■ EXERCISE PROMPT ■
Reproduce from the records below, with no pictures, exactly the lines between the one containing "Rekordstor delegasjon fra" and the one containing "paper case. 1893", inclusive.

■ INPUT MATERIAL ■
++++++

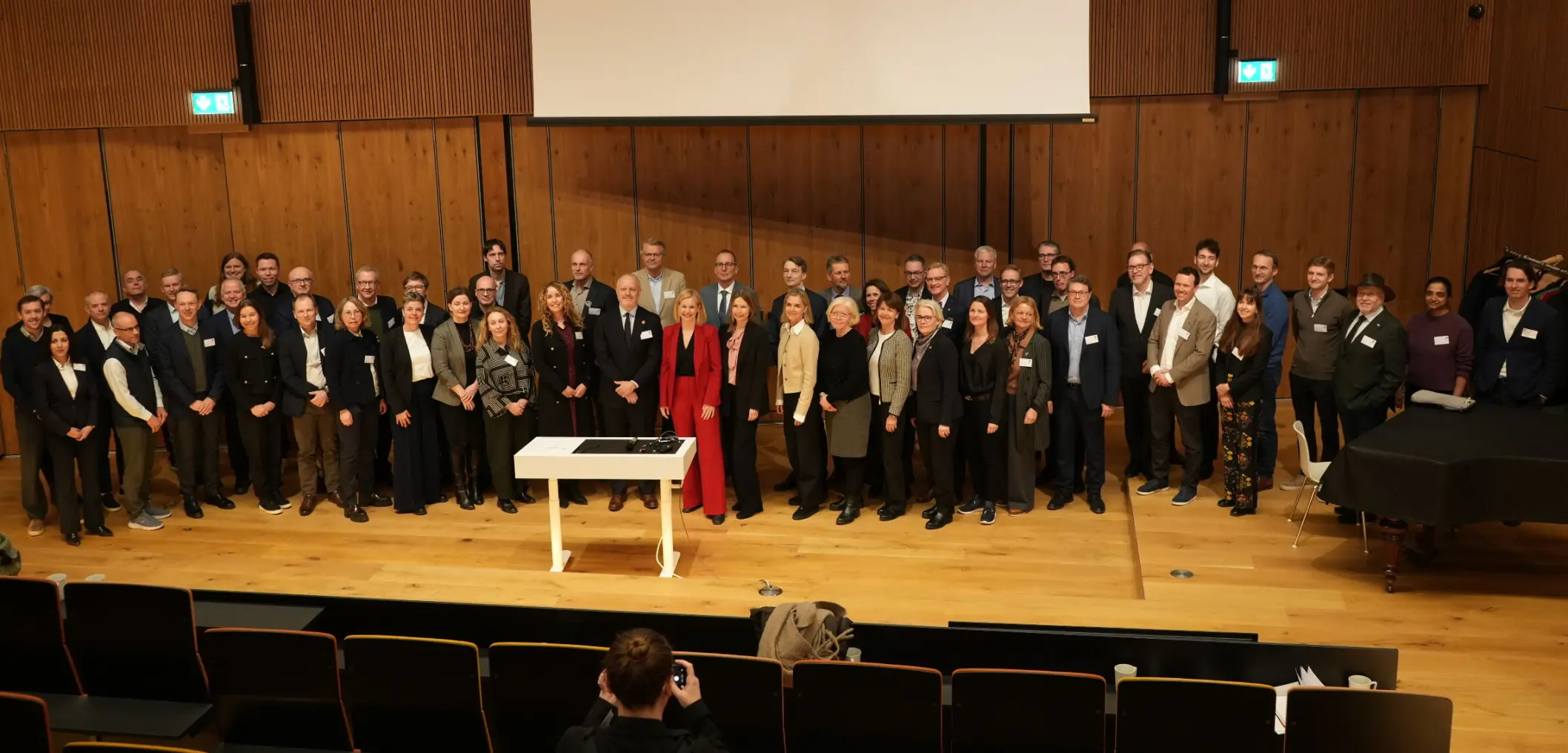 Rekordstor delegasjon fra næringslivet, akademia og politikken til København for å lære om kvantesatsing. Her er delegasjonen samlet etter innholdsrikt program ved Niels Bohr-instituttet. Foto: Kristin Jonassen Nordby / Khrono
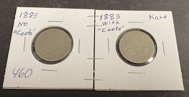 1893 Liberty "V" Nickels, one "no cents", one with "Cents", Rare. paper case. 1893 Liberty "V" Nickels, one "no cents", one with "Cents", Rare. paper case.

++++++

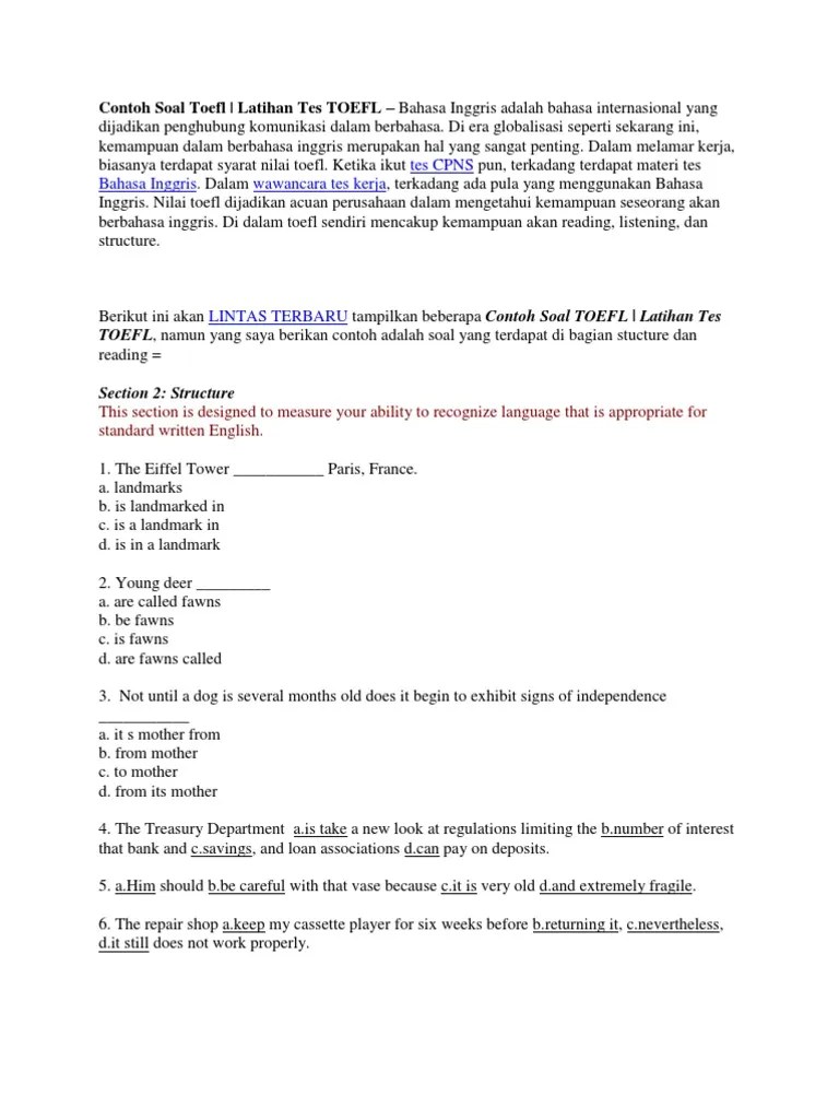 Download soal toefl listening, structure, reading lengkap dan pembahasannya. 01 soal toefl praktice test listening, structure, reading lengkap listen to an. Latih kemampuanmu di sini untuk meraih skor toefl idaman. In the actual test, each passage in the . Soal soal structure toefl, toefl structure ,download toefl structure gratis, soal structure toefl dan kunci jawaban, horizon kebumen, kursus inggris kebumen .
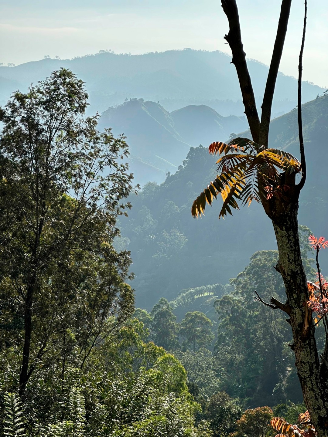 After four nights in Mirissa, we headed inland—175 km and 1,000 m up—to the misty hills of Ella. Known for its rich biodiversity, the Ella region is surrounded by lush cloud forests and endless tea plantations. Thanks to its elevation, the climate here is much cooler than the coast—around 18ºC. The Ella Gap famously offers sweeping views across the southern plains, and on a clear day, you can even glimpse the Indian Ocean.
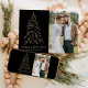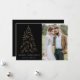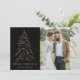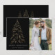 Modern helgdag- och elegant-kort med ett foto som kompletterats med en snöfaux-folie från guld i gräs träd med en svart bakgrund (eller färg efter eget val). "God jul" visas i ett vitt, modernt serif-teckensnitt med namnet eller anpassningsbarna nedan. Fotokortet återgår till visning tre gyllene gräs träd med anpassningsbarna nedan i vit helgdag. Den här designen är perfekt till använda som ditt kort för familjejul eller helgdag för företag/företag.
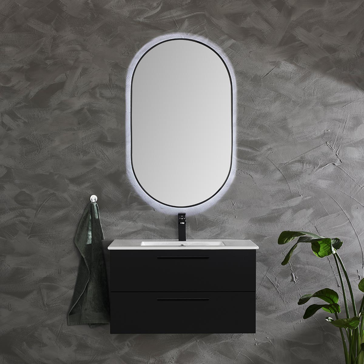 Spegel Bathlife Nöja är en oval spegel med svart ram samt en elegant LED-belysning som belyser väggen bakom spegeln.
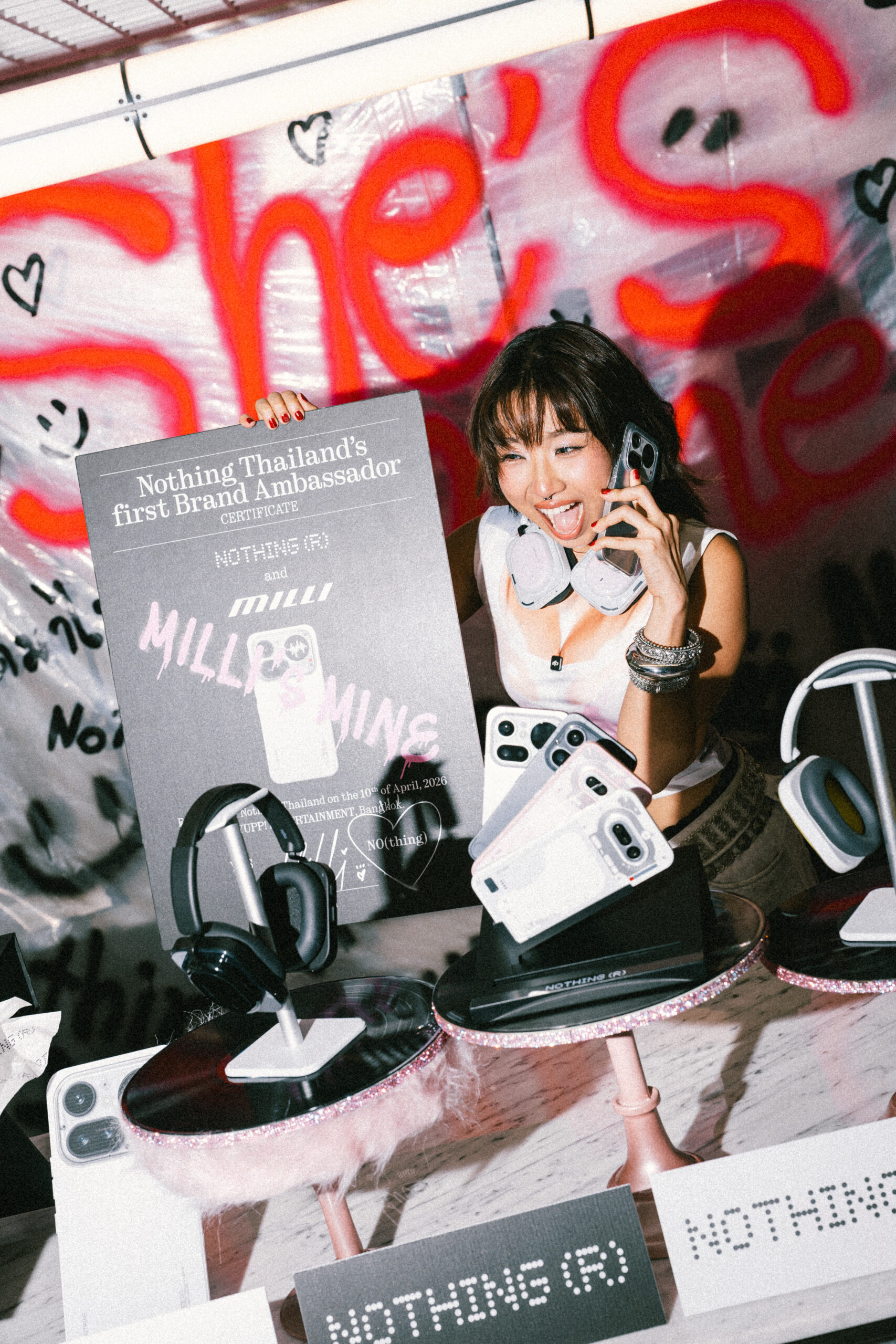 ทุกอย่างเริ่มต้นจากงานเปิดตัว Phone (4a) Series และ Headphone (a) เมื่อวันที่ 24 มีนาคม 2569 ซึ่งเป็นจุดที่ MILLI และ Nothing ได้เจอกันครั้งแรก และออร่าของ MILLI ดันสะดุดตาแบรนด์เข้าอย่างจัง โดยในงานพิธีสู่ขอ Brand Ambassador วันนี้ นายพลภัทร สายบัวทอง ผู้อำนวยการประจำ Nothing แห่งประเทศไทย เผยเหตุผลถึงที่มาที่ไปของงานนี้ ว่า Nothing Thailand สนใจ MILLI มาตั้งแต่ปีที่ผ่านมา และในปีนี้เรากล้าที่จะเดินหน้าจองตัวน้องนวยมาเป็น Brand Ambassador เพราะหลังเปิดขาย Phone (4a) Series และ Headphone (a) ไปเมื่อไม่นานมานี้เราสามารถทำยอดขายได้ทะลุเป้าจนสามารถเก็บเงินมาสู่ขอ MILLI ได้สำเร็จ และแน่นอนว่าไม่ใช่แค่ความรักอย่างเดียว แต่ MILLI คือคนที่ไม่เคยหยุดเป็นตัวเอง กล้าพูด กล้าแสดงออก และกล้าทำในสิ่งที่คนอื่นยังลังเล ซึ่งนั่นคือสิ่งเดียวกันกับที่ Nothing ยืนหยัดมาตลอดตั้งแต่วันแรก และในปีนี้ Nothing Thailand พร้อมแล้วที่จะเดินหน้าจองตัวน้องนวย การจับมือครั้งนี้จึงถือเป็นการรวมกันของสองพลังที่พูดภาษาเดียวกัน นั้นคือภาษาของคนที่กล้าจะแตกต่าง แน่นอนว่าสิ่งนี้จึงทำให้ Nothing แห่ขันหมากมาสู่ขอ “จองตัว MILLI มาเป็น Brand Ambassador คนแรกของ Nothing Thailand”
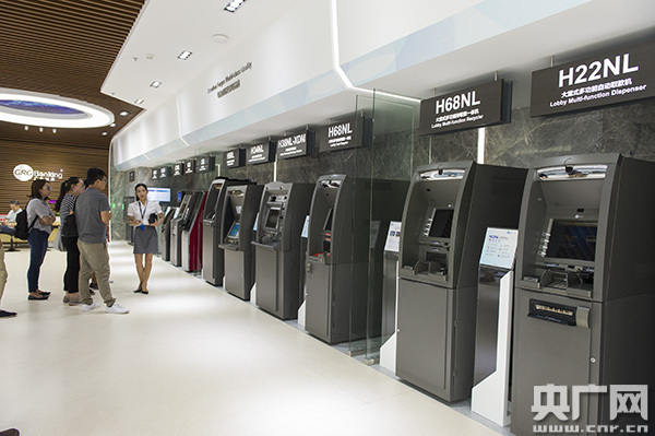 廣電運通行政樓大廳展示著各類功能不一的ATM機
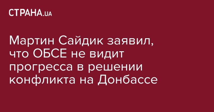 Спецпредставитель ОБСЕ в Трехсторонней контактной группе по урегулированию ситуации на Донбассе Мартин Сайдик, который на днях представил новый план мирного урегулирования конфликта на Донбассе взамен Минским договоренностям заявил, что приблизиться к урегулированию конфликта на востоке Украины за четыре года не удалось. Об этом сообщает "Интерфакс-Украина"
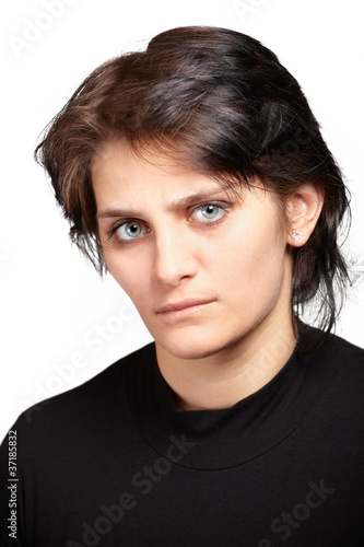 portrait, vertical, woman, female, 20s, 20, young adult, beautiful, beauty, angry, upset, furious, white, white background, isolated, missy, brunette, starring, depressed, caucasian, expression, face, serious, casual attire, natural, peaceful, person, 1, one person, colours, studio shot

++++++

■ SOLUTION ■
 Rekordstor delegasjon fra næringslivet, akademia og politikken til København for å lære om kvantesatsing. Her er delegasjonen samlet etter innholdsrikt program ved Niels Bohr-instituttet. Foto: Kristin Jonassen Nordby / Khrono
 1893 Liberty "V" Nickels, one "no cents", one with "Cents", Rare. paper case. 1893 Liberty "V" Nickels, one "no cents", one with "Cents", Rare. paper case.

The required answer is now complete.